Smell can trigger a memory so strongly, so distinctly, so quickly. I remember right before my brother was born, my mother gave me a scented My Little Pony that smelled like a bubble bath. It was peptobismol pink with cotton candy blue hair. Whenever I smell bubble bath now, 23 years later, I have an instant flashback to holding that pink and blue pony in my chubby little, 3 year old hands - I am overcome with that mix of excitement and jealousy that precedes a sibling. I remember thinking- at that moment- that if I rejected the gift, maybe I wouldn’t have to accept a little brother – as if it was some sort of barter situation; maybe I would have my mom all to myself if I simply gave back the bribe gift. Ah, but my mother knew how much I loved My Little Ponies. Those little toys were like crack to a 3 year old. Clever mother. I would accept the brother in trade for this enticement, just this once. It’s surreal and hilarious having flashbacks of the emotions and thoughts of a 3 year old. Smell memory is strong.

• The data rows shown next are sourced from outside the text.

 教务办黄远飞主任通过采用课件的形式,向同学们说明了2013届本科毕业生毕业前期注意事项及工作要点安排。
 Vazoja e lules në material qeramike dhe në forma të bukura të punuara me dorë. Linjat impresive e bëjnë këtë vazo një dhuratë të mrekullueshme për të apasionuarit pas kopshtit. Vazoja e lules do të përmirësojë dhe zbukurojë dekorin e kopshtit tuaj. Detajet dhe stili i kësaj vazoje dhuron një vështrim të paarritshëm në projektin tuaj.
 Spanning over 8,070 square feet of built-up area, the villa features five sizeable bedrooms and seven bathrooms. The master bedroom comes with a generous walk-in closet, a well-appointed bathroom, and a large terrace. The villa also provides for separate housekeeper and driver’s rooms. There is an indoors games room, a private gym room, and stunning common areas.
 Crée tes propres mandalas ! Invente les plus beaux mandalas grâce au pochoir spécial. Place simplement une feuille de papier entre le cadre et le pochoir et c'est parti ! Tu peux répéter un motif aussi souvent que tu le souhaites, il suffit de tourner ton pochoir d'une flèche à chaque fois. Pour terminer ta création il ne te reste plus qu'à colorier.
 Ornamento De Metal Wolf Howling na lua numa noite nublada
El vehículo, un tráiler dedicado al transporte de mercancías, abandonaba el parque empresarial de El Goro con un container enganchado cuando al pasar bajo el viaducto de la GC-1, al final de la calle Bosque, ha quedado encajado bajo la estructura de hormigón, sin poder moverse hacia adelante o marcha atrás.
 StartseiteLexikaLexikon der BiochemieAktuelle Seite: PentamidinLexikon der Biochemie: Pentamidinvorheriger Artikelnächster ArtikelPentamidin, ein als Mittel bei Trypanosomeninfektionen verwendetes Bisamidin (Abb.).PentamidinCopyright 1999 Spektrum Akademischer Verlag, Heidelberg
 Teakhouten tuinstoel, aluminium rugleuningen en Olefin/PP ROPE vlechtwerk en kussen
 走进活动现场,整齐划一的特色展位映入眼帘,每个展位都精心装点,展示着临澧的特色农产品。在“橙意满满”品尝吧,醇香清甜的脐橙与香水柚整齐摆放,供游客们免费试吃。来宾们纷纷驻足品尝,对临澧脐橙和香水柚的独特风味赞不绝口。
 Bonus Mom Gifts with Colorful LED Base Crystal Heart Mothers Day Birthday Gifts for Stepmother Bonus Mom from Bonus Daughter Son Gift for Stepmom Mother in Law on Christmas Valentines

Despite my nose being rather stuffed up the last couple days (in my attempt to kick a fondness/addiction for a powerful nasal decongestant spray), I whiffed something so... aromatic that I was hit with memories of Thailand. For just a moment, I was transported back amongst the stalls of roasting meats and vibrant silks – dripping in sweat and craving coconut curry. My stomach growled. While the trigger probably wouldn’t have been my first choice (hovering over a drain of exotic-animal-poo-water, for the curious), it was a fascinating little trick of the senses. Oh stinky Bangkok, ripe with Durian and faulty sewage systems, I miss thee.
Life at the zoo is chaotic, overwhelming, wild and wonderful. Walking onto a foggy zoo before dawn to the sounds of calling Gibbons, a roaring Lion, and the haunting call of a Hyena is as magical as I could ever hope for. It is getting easier and easier to wake up when the constellations are still out. I love the moist chill of the morning mist, the feeling of every little hair rising on my arms, the cold air in my lungs like a jump-start to the body. Few people are awake and I feel like the world is mine. I wish I could go into the intricacies of my day to day life at the zoo, but I cannot. Feel free to use your imagination as you will of all the possibilities for life as a zoo student.
I just did a search to see if I could find a picture of my precious pony toy from before my brother’s birth. Here it is! I remember the hair being darker, more vibrant blue. The memory is funny like that, constantly storing things in a more idealized state. Past follies are romanticized, events more epic, relationships smoothed out – we love to glorify the past. I guess that’s the story of the Big Fish, right? It feels good to be living a life that doesn’t need any embellishing; it is so important to actively make your dreams happen. I make it a habit to constantly ask myself “what do I want to be doing?” and if it isn’t happening, I make plans to do it. No excuses. It’s so easy to be your own hurdle. I have to stop myself from stopping myself all the time. I was a master of excuses for the longest time.
I already have that itch to do something adventurous again. I’ve heard scuba diving with sea lions in the Channel Islands is amazing, so methinks a scuba certification is in order.